* [DATA RECORDS]
=-=-=-=-=

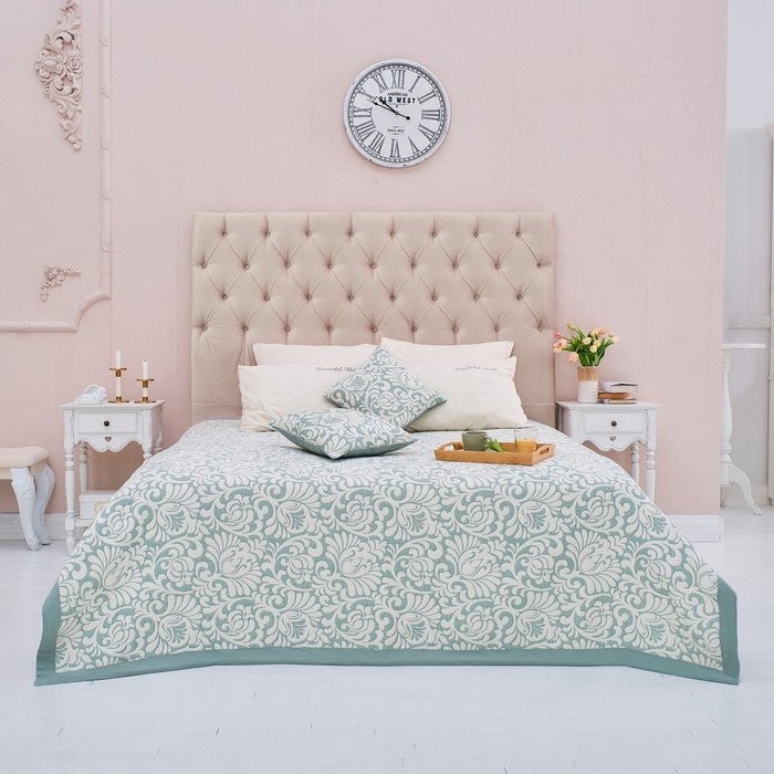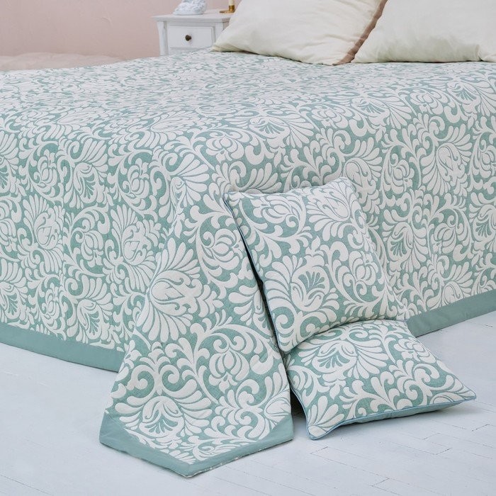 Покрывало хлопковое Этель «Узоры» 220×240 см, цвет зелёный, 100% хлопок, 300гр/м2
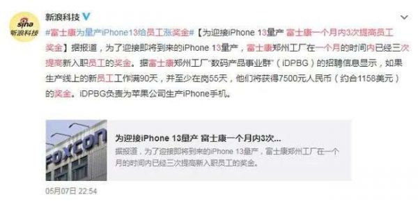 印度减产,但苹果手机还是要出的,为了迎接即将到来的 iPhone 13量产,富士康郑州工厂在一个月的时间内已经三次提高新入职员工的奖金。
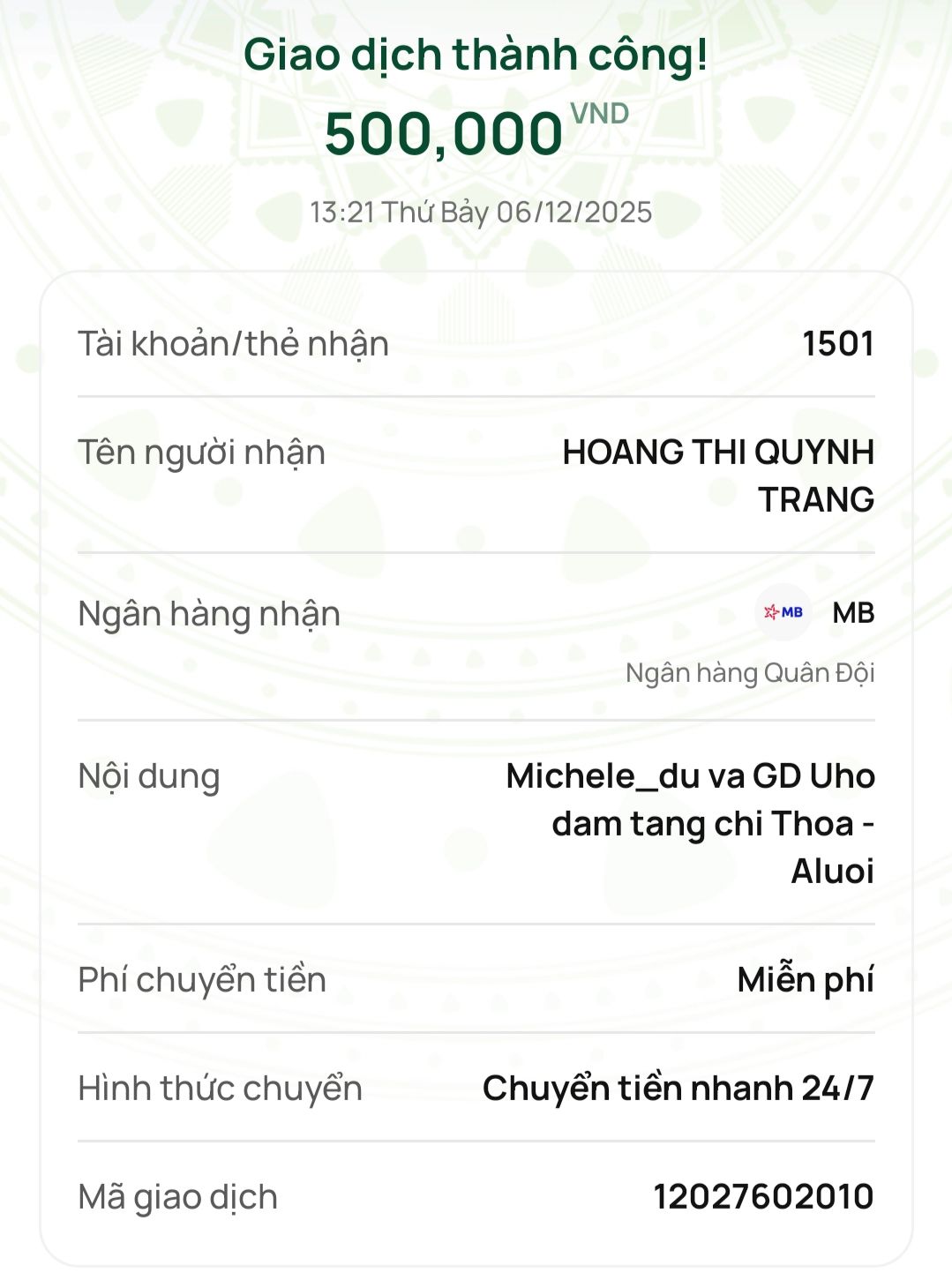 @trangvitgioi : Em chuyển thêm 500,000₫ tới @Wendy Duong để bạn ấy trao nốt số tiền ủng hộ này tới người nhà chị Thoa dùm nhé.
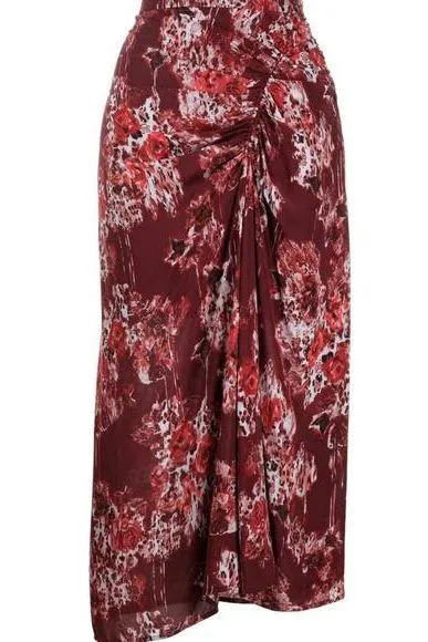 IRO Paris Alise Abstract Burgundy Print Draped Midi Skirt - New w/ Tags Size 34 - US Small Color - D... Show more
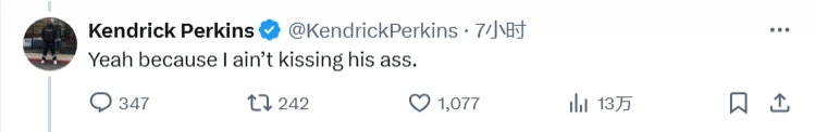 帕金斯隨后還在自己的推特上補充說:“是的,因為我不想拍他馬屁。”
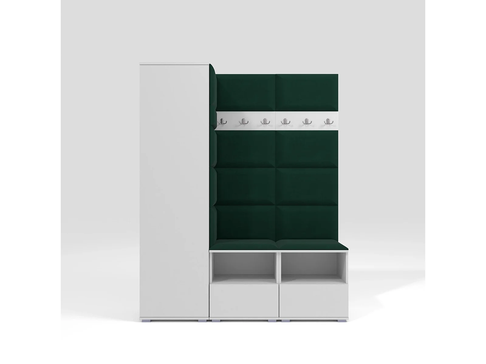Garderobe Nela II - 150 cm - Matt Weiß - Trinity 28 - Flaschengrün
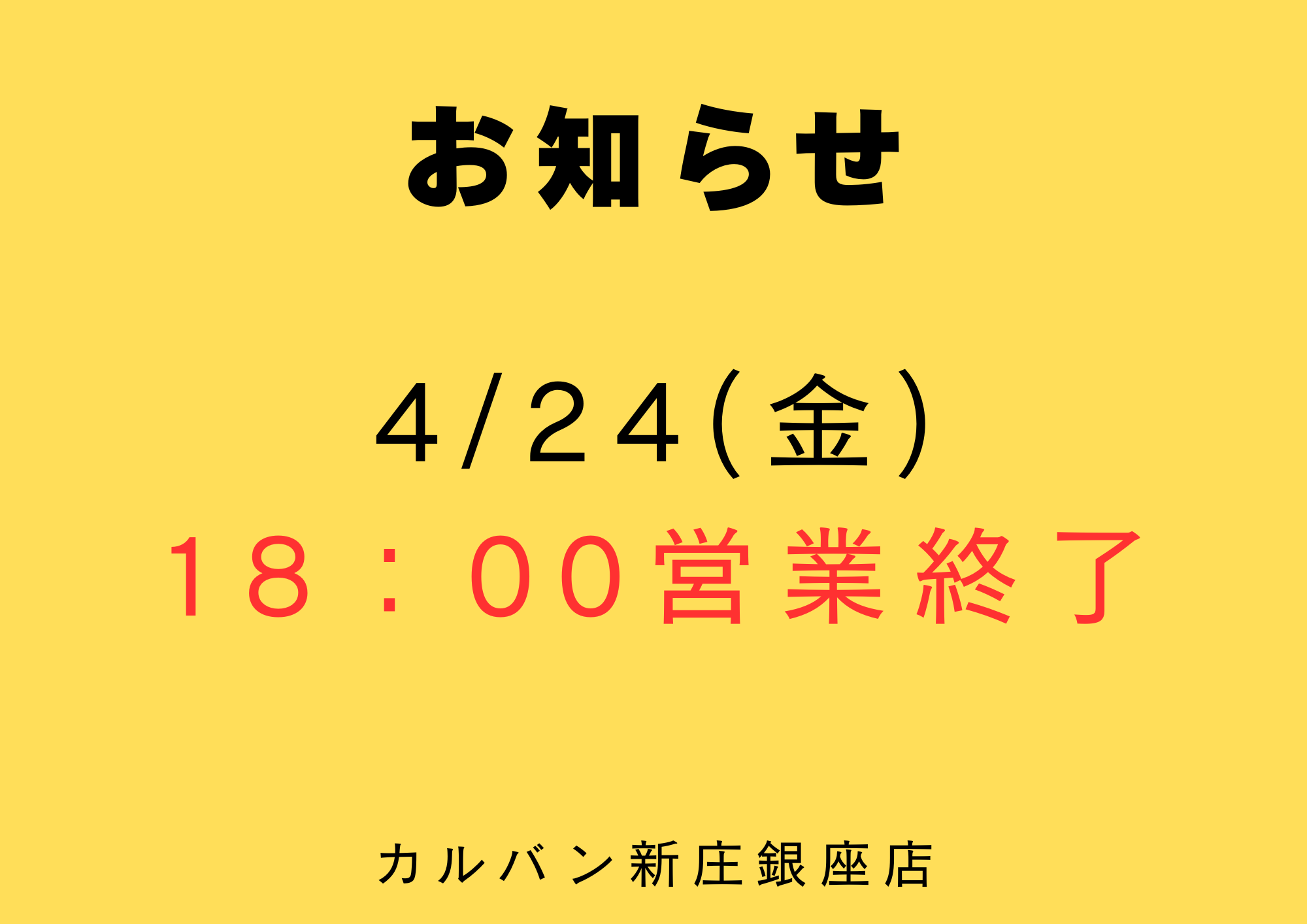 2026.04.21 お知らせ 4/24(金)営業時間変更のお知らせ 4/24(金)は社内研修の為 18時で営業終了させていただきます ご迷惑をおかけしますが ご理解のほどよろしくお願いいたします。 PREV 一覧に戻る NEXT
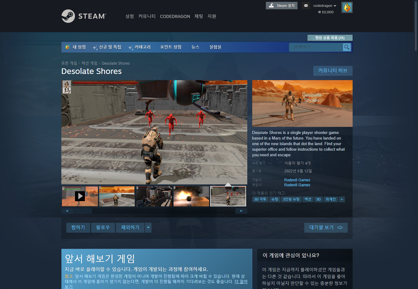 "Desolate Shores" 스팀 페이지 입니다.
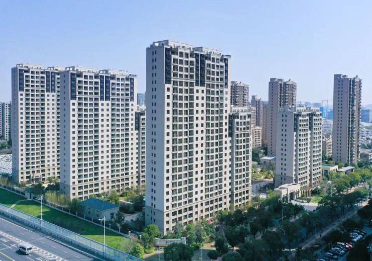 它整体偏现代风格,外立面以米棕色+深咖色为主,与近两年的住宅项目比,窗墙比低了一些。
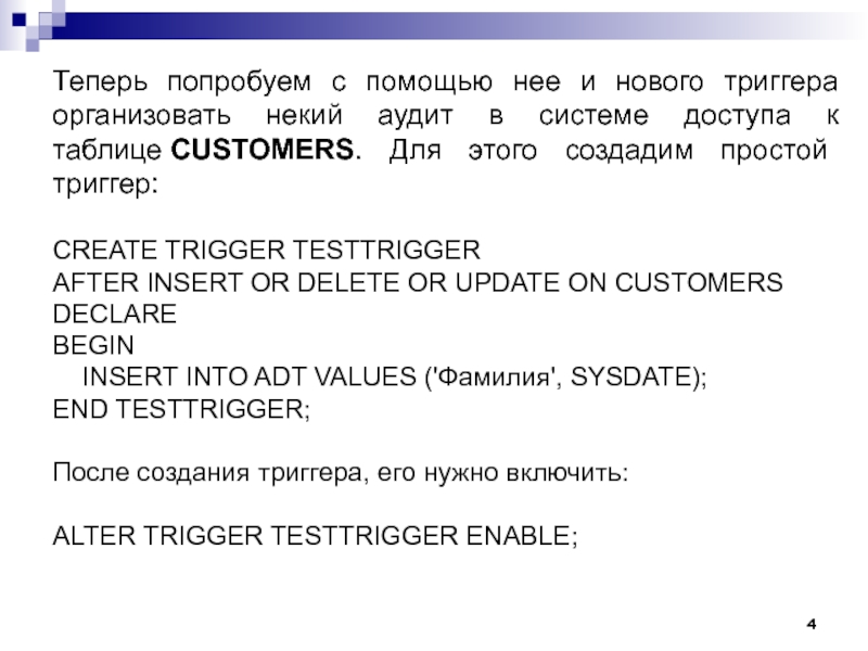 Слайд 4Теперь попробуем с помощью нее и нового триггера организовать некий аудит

=-=-=-=-=

* [TASK] When a picture appears in the material, please pass over it while retyping the rest exactly.

* [WORKED SOLUTION]
 Покрывало хлопковое Этель «Узоры» 220×240 см, цвет зелёный, 100% хлопок, 300гр/м2
 印度减产,但苹果手机还是要出的,为了迎接即将到来的 iPhone 13量产,富士康郑州工厂在一个月的时间内已经三次提高新入职员工的奖金。
 @trangvitgioi : Em chuyển thêm 500,000₫ tới @Wendy Duong để bạn ấy trao nốt số tiền ủng hộ này tới người nhà chị Thoa dùm nhé.
 IRO Paris Alise Abstract Burgundy Print Draped Midi Skirt - New w/ Tags Size 34 - US Small Color - D... Show more
 帕金斯隨后還在自己的推特上補充說:“是的,因為我不想拍他馬屁。”
Garderobe Nela II - 150 cm - Matt Weiß - Trinity 28 - Flaschengrün
 2026.04.21 お知らせ 4/24(金)営業時間変更のお知らせ 4/24(金)は社内研修の為 18時で営業終了させていただきます ご迷惑をおかけしますが ご理解のほどよろしくお願いいたします。 PREV 一覧に戻る NEXT
 "Desolate Shores" 스팀 페이지 입니다.
 它整体偏现代风格,外立面以米棕色+深咖色为主,与近两年的住宅项目比,窗墙比低了一些。
 Слайд 4Теперь попробуем с помощью нее и нового триггера организовать некий аудит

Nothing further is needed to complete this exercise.